Feature Scaling in Machine Learning-Introduction
Feature Scaling in Machine Learning is a strategy for putting the data’s independent features into a set range. It’s done as part of the data pre-processing.
Given a data set with features like Age, Income, and brand, with a total population of 5000 persons, each with these independent data elements.
The following are the labels for each data point:
• Class 1- YES (means with the given Age, Income, brand feature value one can buy the property)
• Class2- NO (meaning that the property cannot be purchased based on the specified Age, Income, and brand feature value).
Using a dataset to train the model, the goal is to create a model that can predict whether or not a property can be purchased based on certain feature values.
An N-dimensional (where N is the number of features included in the dataset) graph with data points from the given dataset can be constructed once the model has been trained.
The model is depicted in the diagram below in its perfect form.
Feature Scaling in Machine Learning
As illustrated in the diagram, star data points represent Class1 – Yes labels, whereas circles represent Class2 – No labels and these data points are used to train the model.
Now there is a new data point (a diamond in the figure) with varied independent values for the three attributes (Age, Income, and brand) described before.
The model must determine if this data point is in the Yes or No category.
Prediction of the new data point class:
The model determines the distance between this data point and each class group’s centroid.
Finally, this data point will be assigned to the class with the shortest centroid distance.

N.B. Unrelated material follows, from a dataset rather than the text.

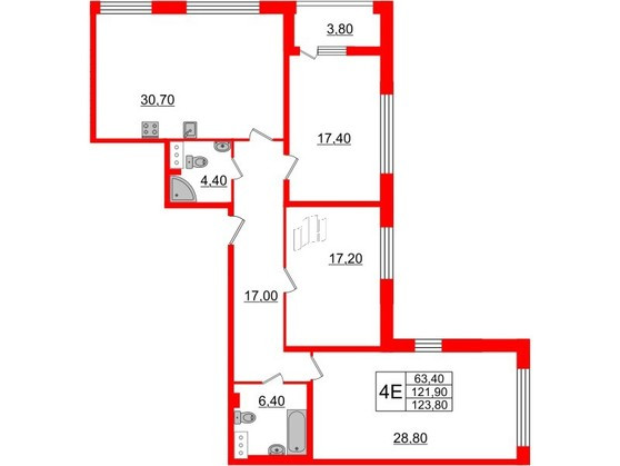 Общая площадь 123 м2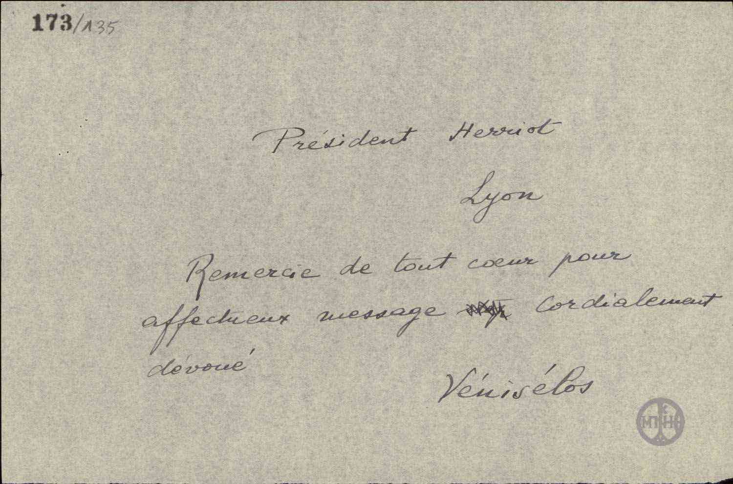 ΤΙΤΛΟΣ | Τηλεγράφημα του Ε.Βενιζέλου προς τον Herriot με το οποίο τον ευχαριστεί για τις ευχές του με αφορμή την απόπειρα δολοφονίας εναντίον του. |

These approaches can be used to calculate the distance between the centroid and the data point.
Euclidean Distance -The square root of the sum of squares of differences between the coordinates (feature values – Age, Income, brand) of each data point and the centroid of each class is the Euclidean Distance.
where x is the data point value, y is the centroid value, and k is the number of feature values, for example, the following data set contains k = 3 feature values.

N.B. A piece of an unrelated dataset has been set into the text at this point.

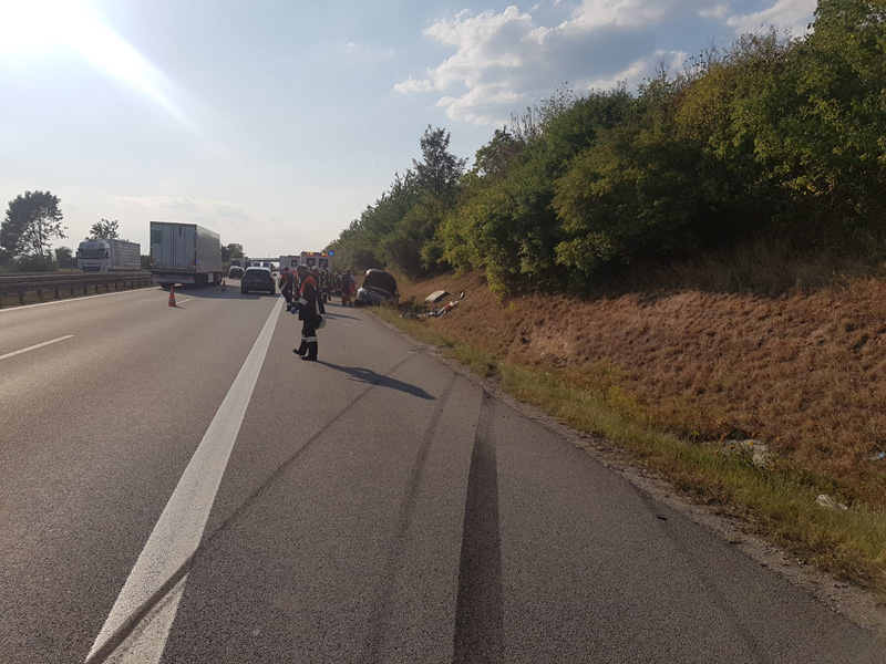 06.08.2018, Alarmierung: 14:24 Uhr tödlicher VU, A3 Wörth - Kirchroth Zur Unterstützung der Feuerwehr Wörth wurden wir zu einem Verkehrsunfall mit eingeklemmter Person auf die A3 zwischen Wörth und Kirchroth alarmier. Dort war ein Fahrzeug von der Fahrbahn abgekommen und hat sich im angrenzenden Feld überschlagen. Für einen der Insassen kam jede Hilfe zu spät, er verstarb noch im Unfallwrack. Zwei weitere Personen wurden schwer verletzt. Wir wurden auf der Anfahrt bereits durch die FF Wörth abbestellt und brauchten die Einsatzstelle nicht mehr anfahren.

Manhattan’s Length: The sum of absolute differences between the coordinates (feature values) of each data point and the centroid of each class is used to calculate it.
Minkowski Distance: This is a combination of the two approaches above.
Feature Scaling is Required: The given data set has three features: Age, Income, and brand. Consider a range of twenty to sixty years old, one to forty thousand dollars in Income, and one to five bedrooms in a flat. All of these characteristics are distinct from one another.
Assume the data point to be predicted is [60, 35Lacs, 3], and the centroid of class 1 is [50, 25Lacs, 3].
Using the Manhattan Technique,
Distance = (|(60 - 50)| + |(2500000 - 3500000)| + |(3 - 3)|)
It can be observed that the Income feature will outperform all other characteristics in predicting the class of a given data point because all of the features are independent of one another,
i.e. a person’s income has nothing to do with his or her age or the type of flat he or she needs.
This implies that the model will always be inaccurate in its predictions.
Feature scaling is a straightforward solution to this problem. Age, Income, and brand will be scaled in a set range, such as [-1, 1] or [0, 1]. Then no feature may take precedence over the others.